**Collected data**
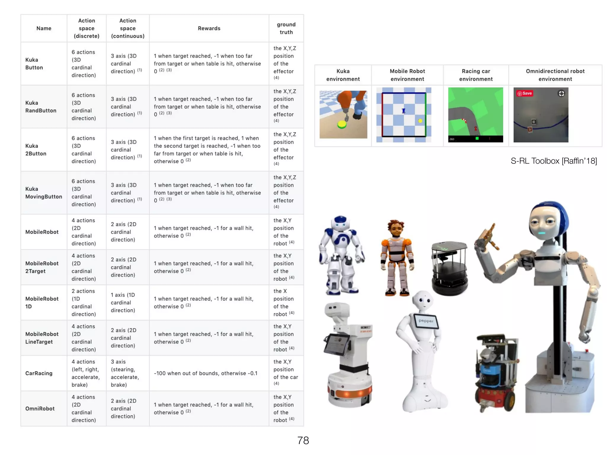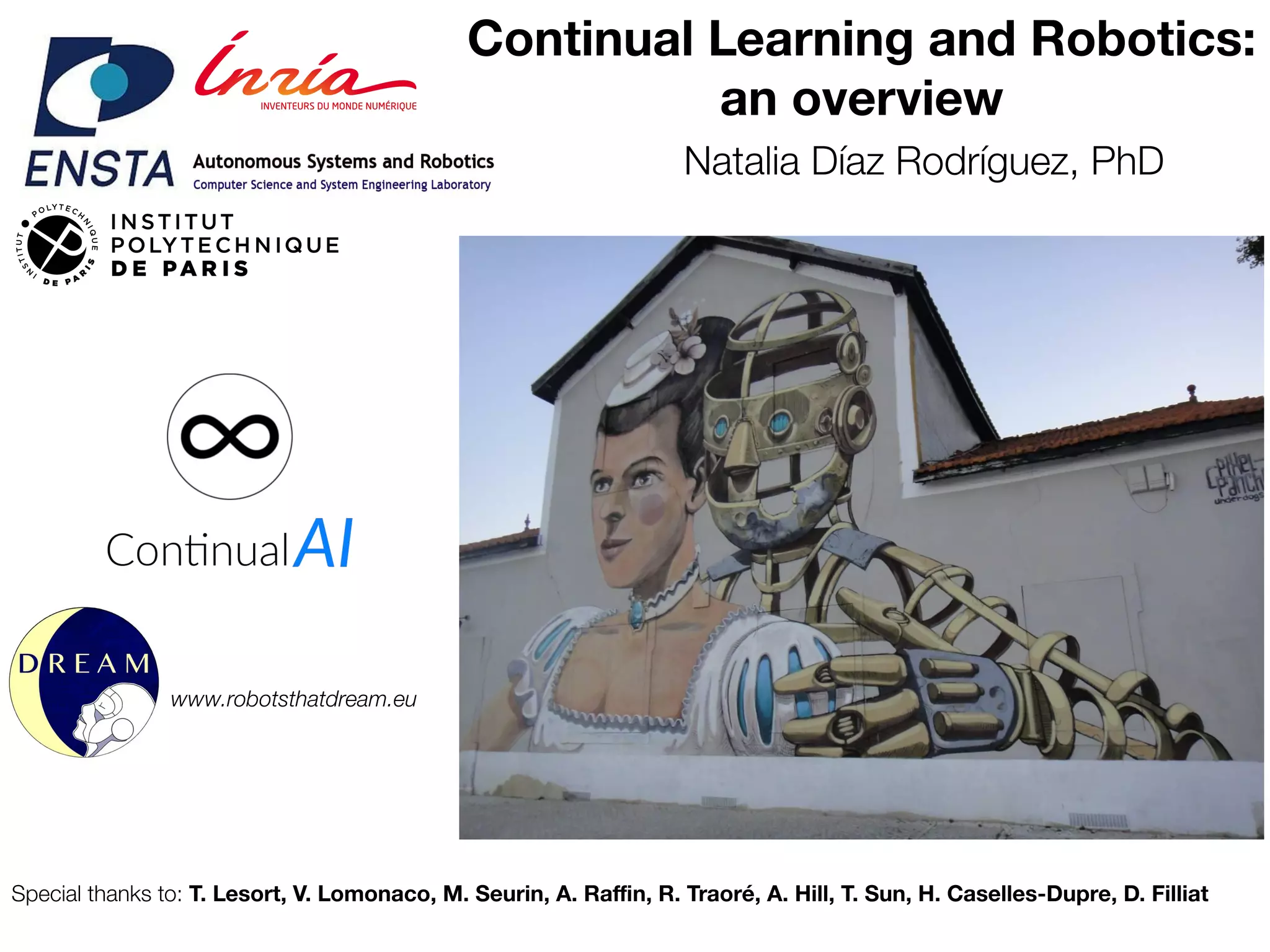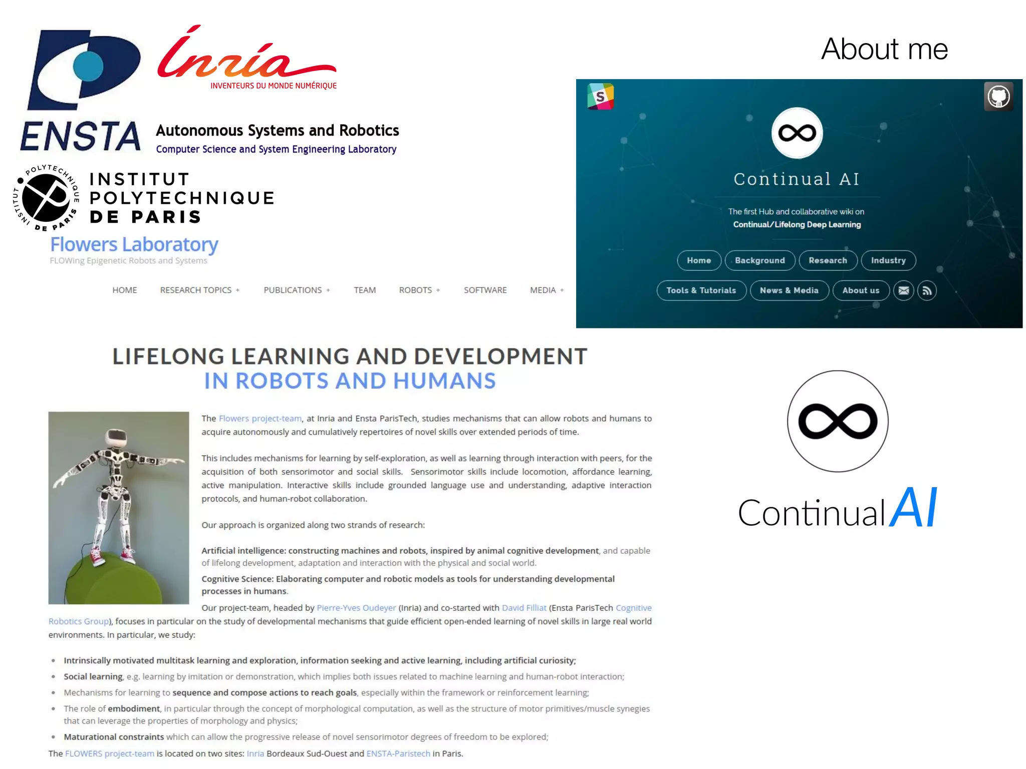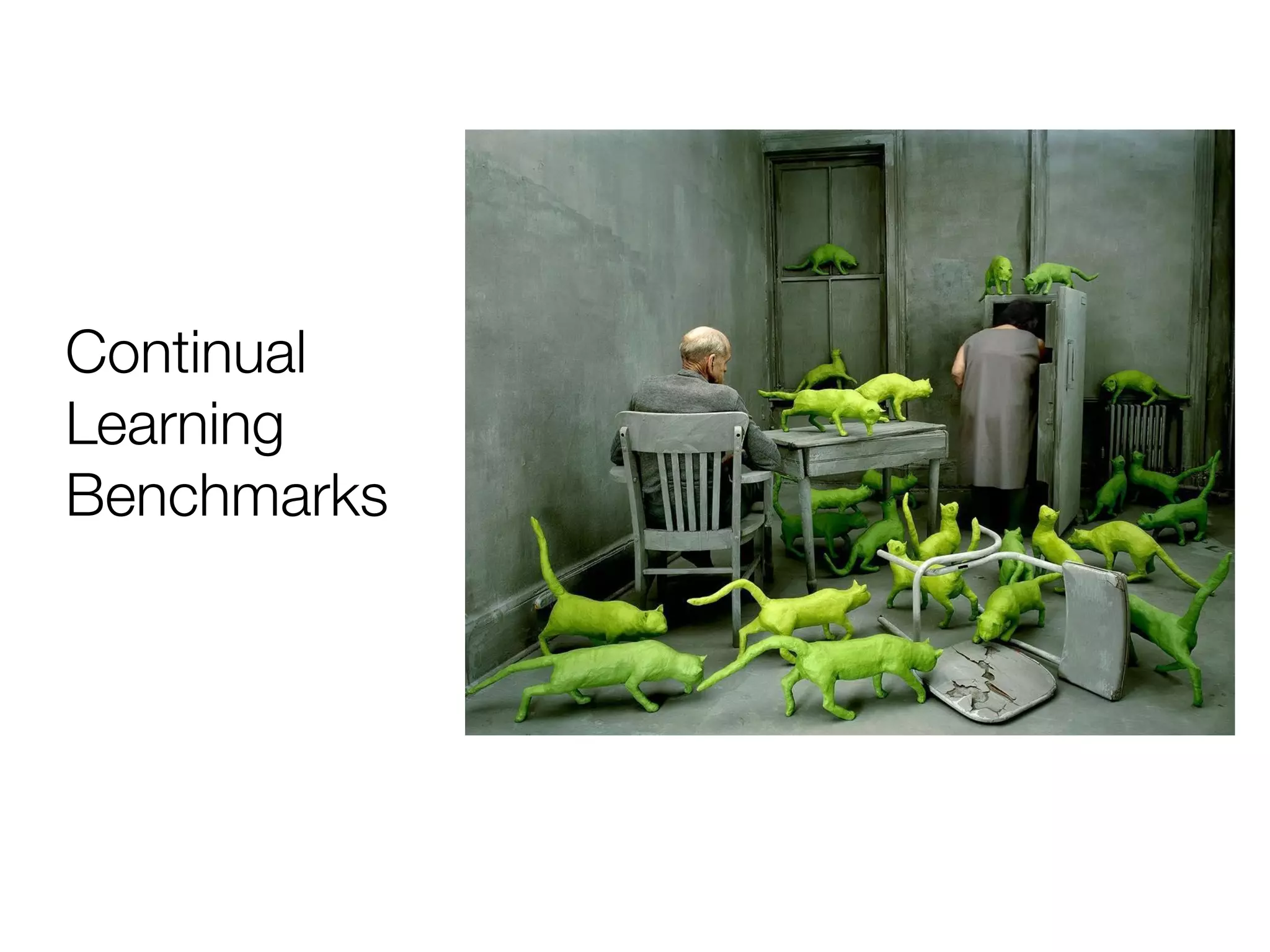 This document provides an overview of continual learning and state representation learning, including key papers in the fields. It summarizes various benchmark datasets used to evaluate continual learning models, such as MNIST, Fashion MNIST, and CORe50. Environments used to evaluate state representation and reinforcement learning are also cited, including ViZDoom and CRLMaze. Overall modeling approaches discussed include convolutional neural networks, policy distillation, and sim-to-real transfer for continual reinforcement learning.
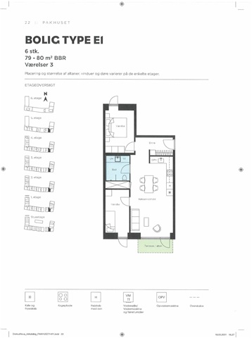 Det skal bemærkes, at billederne kun tjener som en vejledende illustration af farvesammensætning og materialevalg, da de er taget i en tilsvarende bolig i samme ejendom.
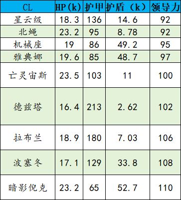 各巡洋舰基础属性值对比

**Task item**
Will you repeat the material above, but only from the line containing "Det skal bemærkes, at" through its last line, exactly and without the pictures?

**Task solution**
 Det skal bemærkes, at billederne kun tjener som en vejledende illustration af farvesammensætning og materialevalg, da de er taget i en tilsvarende bolig i samme ejendom.
 各巡洋舰基础属性值对比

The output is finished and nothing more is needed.